Week 7: Propaganda in Advertising – Blog 6

By Nick Verbin

This week’s blog post is about propaganda techniques used in advertising. A company or marketing firm might use these tactics to their advantage because it is proven to be strongly persuasive to the average viewer, even if the content of the advertisement may be vague or inaccurate. For my advertisement analysis, I chose a Smartwater ad. The text reads “Pure Zen. We can’t promise inner peace, but inner purity? Yeah, every bottle comes with that”, and the image features a photograph of Jennifer Aniston, a well-known actress who was made famous for her role in television sitcom “Friends” and her acting in many movies in the twenty-first century.

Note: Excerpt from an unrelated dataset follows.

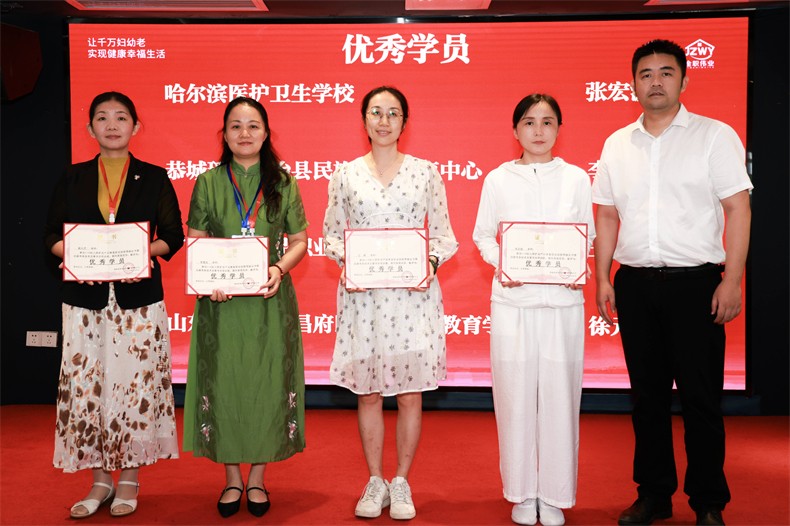 結(jié)業(yè)典禮上,金職偉業(yè)集團(tuán)有限公司(以下簡(jiǎn)稱“金職偉業(yè)”)集中表彰了哈爾濱醫(yī)護(hù)衛(wèi)生學(xué)校張宏波等4名“優(yōu)秀學(xué)員”、廣州華夏職業(yè)學(xué)院黃鎮(zhèn)等3名“優(yōu)秀班干部”,并為其頒發(fā)榮譽(yù)證書。

The propaganda techniques being used in this advertisement are “Appeal to authority” and “Glittering generalities”. For example, the advertisement is for a bottle of water, yet it features a famous actress and celebrity on the artwork. Is Jennifer Aniston a spokesperson or expert on water? While she certainly drinks water, I doubt she is an expert on the subject, and her appearance is simply a ploy for people to think “Hey, Jennifer Aniston drinks Smartwater? Maybe I should, too!”

The language used in the ad represents the “glittering generalities” fallacy. Using key words like “Zen”, “peace”, and “purity” are all words that trigger positive emotions, but do not actually describe the taste of Smartwater. Rather, it evokes positive feelings of tranquility that may cause a viewer to crave Smartwater.